Game theory is a mathematical theory developed to study the strategic interaction between multiple self-interested individuals. As a general theoretical framework for decision-making among individuals, it is expected to provide theoretical support for breakthroughs in the challenge of man-machine confrontation in war games[85-88]. , to use game theory to solve wargame challenges, it is necessary to define a game solution for the wargame problem and calculate the solution[89]. For the typical two-person zero-sum game problem in wargaming, the Nash equilibrium solution can be used. However, Nash As a relatively conservative solution, the equilibrium solution is not applicable in all occasions.
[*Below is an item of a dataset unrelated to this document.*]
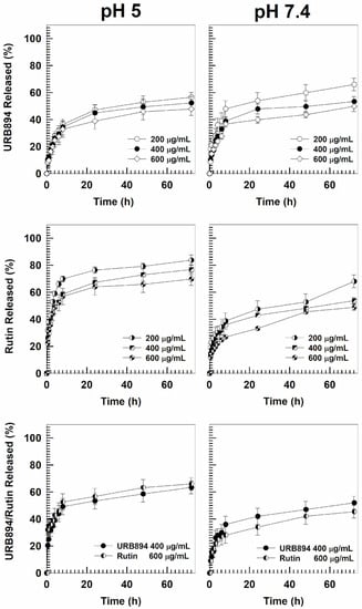 The evaluation of the rutin-loaded samples evidenced a peculiar biphasic release pattern in this case too, a trend in good agreement with other PLGA-based formulations containing the natural compound that have already been described [16,17,18]. However, at pH 5, 60–70% of rutin was released during the first few hours (Figure 5). Contrarily, the release of rutin at pH 7.4 was significantly lower with respect to that previously discussed. These different trends can be explained as a consequence of the solubility of rutin at different pH conditions [34,35,36,37].

Considering the severe asymmetry of wargame deduction, the Nash equilibrium solution may not be suitable for the weaker side. Therefore, how to improve the Nash equilibrium solution (for example, using the Nash Based on the equilibrium solution, the migration of the opponent's exploitation solution) is a key issue that needs to be studied.

On the problem of game solution, early relatively mature solution methods include linear programming, virtual self-play[57], strategy space response Oracle[90], Double oracle[58], counterfactual regret minimization[91], etc. But , the above-mentioned Nash equilibrium solution (or approximate Nash equilibrium solution) optimization method can generally only deal with game environments that are much lower than the complexity of wargame deduction, while the current mainstream improved self-game iteration based on heuristic design for problems such as StarCraft, There is still a lack of theoretical guarantees for the approximation of the Nash equilibrium solution. Therefore, how to effectively incorporate deep reinforcement learning technology into the computational framework that can approach the Nash equilibrium solution, or propose a more An efficient/easily iterative equilibrium approximation framework to realize the calculation of wargame deduction solutions is still an open problem.

In short, although game theory provides theoretical guidance for the challenge of man-machine confrontation in wargame deduction, how to use the theory to achieve a breakthrough in wargame man-machine confrontation is still a relatively open issue, and scholars need to conduct more in-depth research.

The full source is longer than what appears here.